寧嬪嘴角的笑容僵了僵,可幾秒之後,她又若無其事道:「能陪娘娘聊天賞花,那是嬪妾的榮幸。娘娘得萬歲爺寵愛,嬪妾可是羨慕都羨慕不來呢。什麼時候,娘娘若是能夠給萬歲爺生個小阿哥,那恩寵可肯定比承乾宮皇貴妃娘娘都要深厚呢。」
寧嬪也不是軟柿子。承乾宮皇貴妃娘娘可是年妃的死對頭。年妃入宮,仗著自己的姿色和年羹堯的軍功,想來很是自恃的。可她到頭來也不過是個笑話罷了。
入宮那一天,萬歲爺卻夜宿承乾宮。好不容易等到侍寢那日吧,萬歲爺竟然中途離開。這樣的恩寵,後宮可是獨一無二呢。
寧嬪拿這個刺激年妃,可謂是戳中了她心底的最痛。
年妃滿是慍怒的瞪了她一眼,半晌之後,嘴角勾起一抹意味深長的笑容,一字一頓道:「素問寧嬪最是恭順,沒想到一懷了孩子,這人都變了。當然在這宮裡,有子嗣固然是好,可想要順利誕下子嗣,也不是所有人都有這樣的幸運的。你說是嗎?」
年妃傾身向前,這似真似假的話讓寧嬪心中猛的一咯登,心中一陣駭然道:「你……你想做什麼?」
年妃滿是不屑道:「寧嬪妹妹,你這麼害怕做什麼?本宮還會吃了你不成?」
說著,她長長的護甲套輕輕的劃過寧嬪白皙的臉頰,饒有趣味道:「本宮不是好言囑咐妹妹你好生養胎,妹妹可千萬別多心。」
甩下這句話,年妃便高傲的離開了。
瞧著她囂張的背影,寧嬪腿都軟了。
說她方才一點兒都不害怕都是假的,寧嬪緊緊的抓著阿雪的手,好半晌才找回了自己的聲音:「她方才對本宮動了殺心的。你看出來沒有?」
阿雪的手中也滿是冷汗:「主子,您方才又何須故意刺激年妃娘娘呢?您太不小心了。」
寧嬪氣道:「本宮也不過是幾句口舌之爭罷了。誰能夠想到,那年妃當真是不好對付。」
說著,寧嬪眉毛微蹙,心中好不懊惱。
阿雪看著方才年妃離去的背影,過了一會兒,陡然道:「主子,年妃如今這般囂張,仗的不過是年羹堯得萬歲爺器重罷了。若非如此,她不過是漢軍旗出身,如何和主子爭?」
寧嬪笑笑:「這歷朝歷代功高震主的事情多了去了,本宮就不信,萬歲爺真的會對年羹堯一點忌憚之心都沒有。看著吧,總有一日,年妃會托贊位年氏一族請罪。」
翊坤宮
年妃狠狠的瞪了一眼知書,冷冷道:「那寧嬪,真以為仗著肚子裡有了那塊肉,就能夠自恃身份了。本宮方才真恨不得扇她一耳光。」
知書也很是不忿:「主子,您先消消氣。就她這性子,早晚會被自己給玩死。她今個兒敢仗著肚子裡的孩子故意給主子沒臉,那明個兒就能夠衝撞宮裡別的主子,您看著吧。」
年妃的指尖卻阿哥制不住的顫抖,二阿哥這事兒真的是出乎她的預料。
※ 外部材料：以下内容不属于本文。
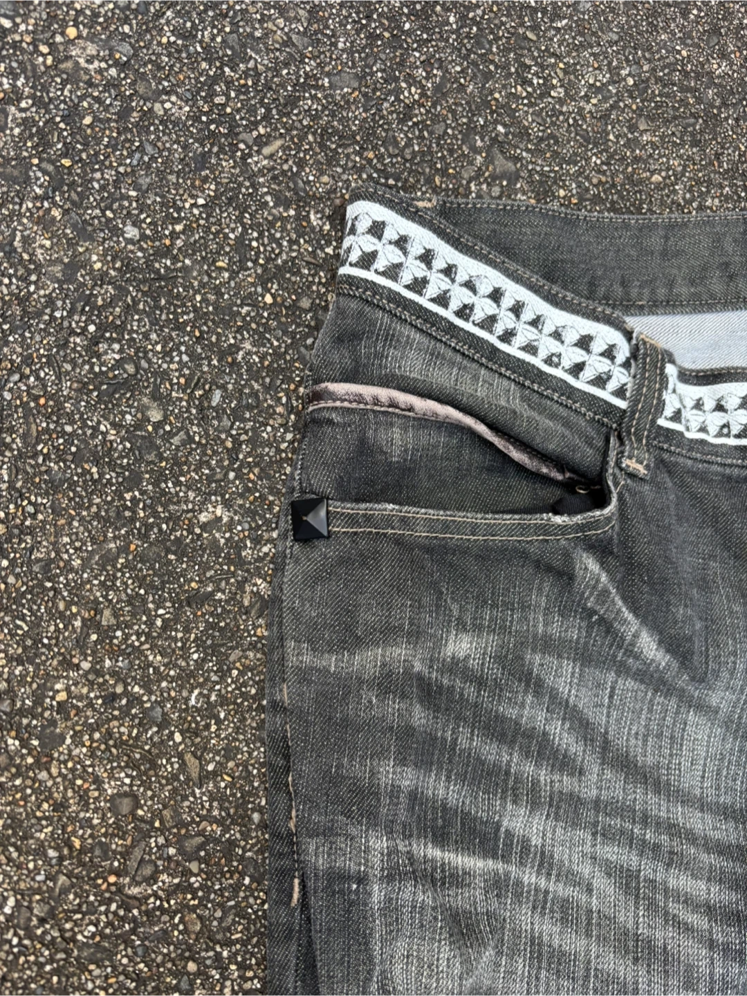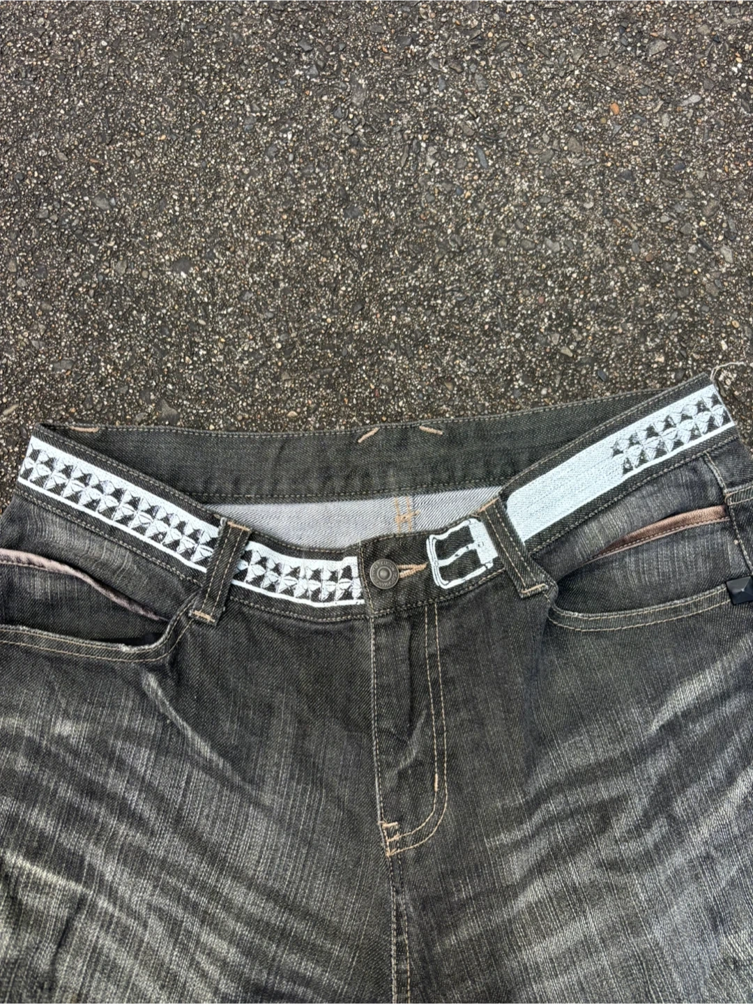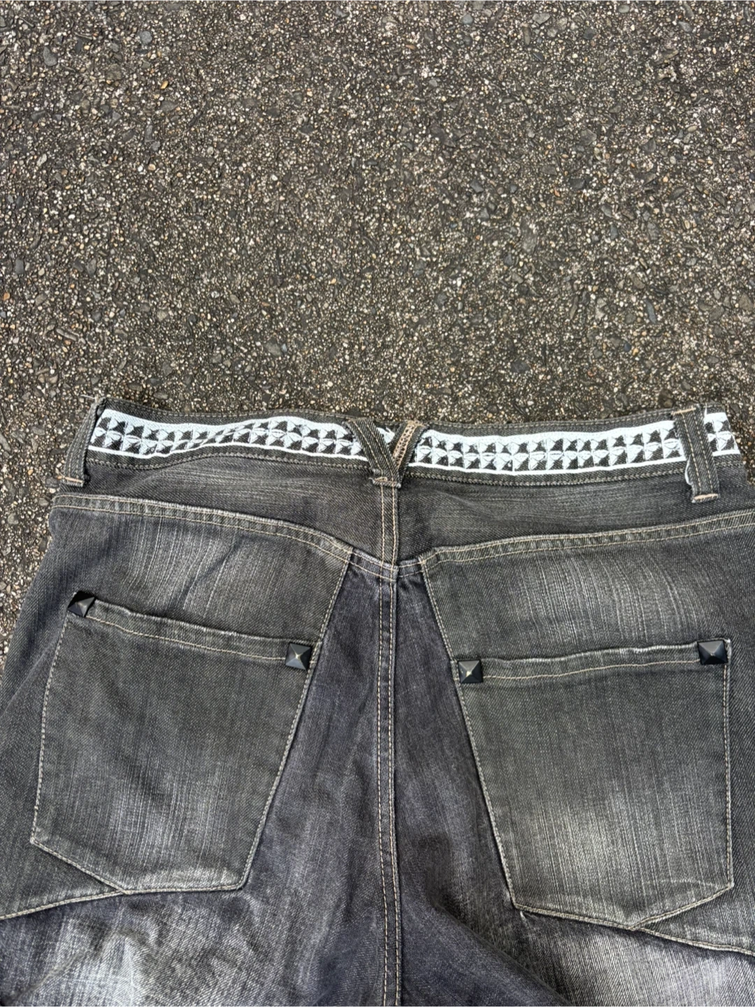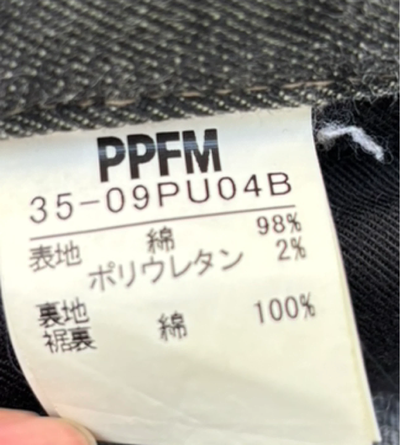 ★商品説明 PPFM デニムパンツ グレー y2k archive 平成 ギャル グランジ  ダークコア パンク お兄系 opium 腰パンで履いて裾をためる 履き方をするとかなり かっこいいです。 ベルト穴のところに白でベルトのデザインが かかれており他と被らないデザインです ★サイズ Lサイズ 総丈106cm 股上 30cm 股下76cm ワタリ幅 26cm 裾幅16cm ウエスト84cm 平置き42cm ★状態 多少の使用感はございますが大きく 目立つ汚れはなく問題なく着用可能です。

而這些日子她對寧嬪的算計為什麼一次次的能夠讓她險險避過,之前年妃還有些拿捏不準,現在她算是明白了。這背後,不是皇貴妃在搞鬼,而應該是皇后娘娘。
因為寧嬪肚子裡的孩子,對皇后娘娘最有利。
年妃忍著心中的不甘心,沉聲道:「本宮之所有受今日這屈/辱,都是因為本宮這肚子不爭氣。」
「讓本宮一輩子仰人鼻息,做赫捨裡氏手中的棋子,本宮絕對不甘心。」
知書聞言,試探道:「主子您是否用心藥膳,補補身子?」
年妃看了她一眼,緩緩道:「宮裡的太醫本宮信不過,你去讓哥哥找一個可靠的人入宮,日後本宮的身子就靠他調理了。」
知書想了一會兒,道:「主子考慮的確周到,宮裡害人的手段多的是,現在不想讓主子有身孕的人多的是,也唯有咱們自己找來的人能夠信得過了。」
年妃神色複雜的摸了摸自己的肚子,「如果……如果本宮能夠順利有孕,那一切都會好起來的。以本宮的能耐和年氏一族的榮寵,莫說那貴妃之位了,就是皇后之位,本宮也不為過。」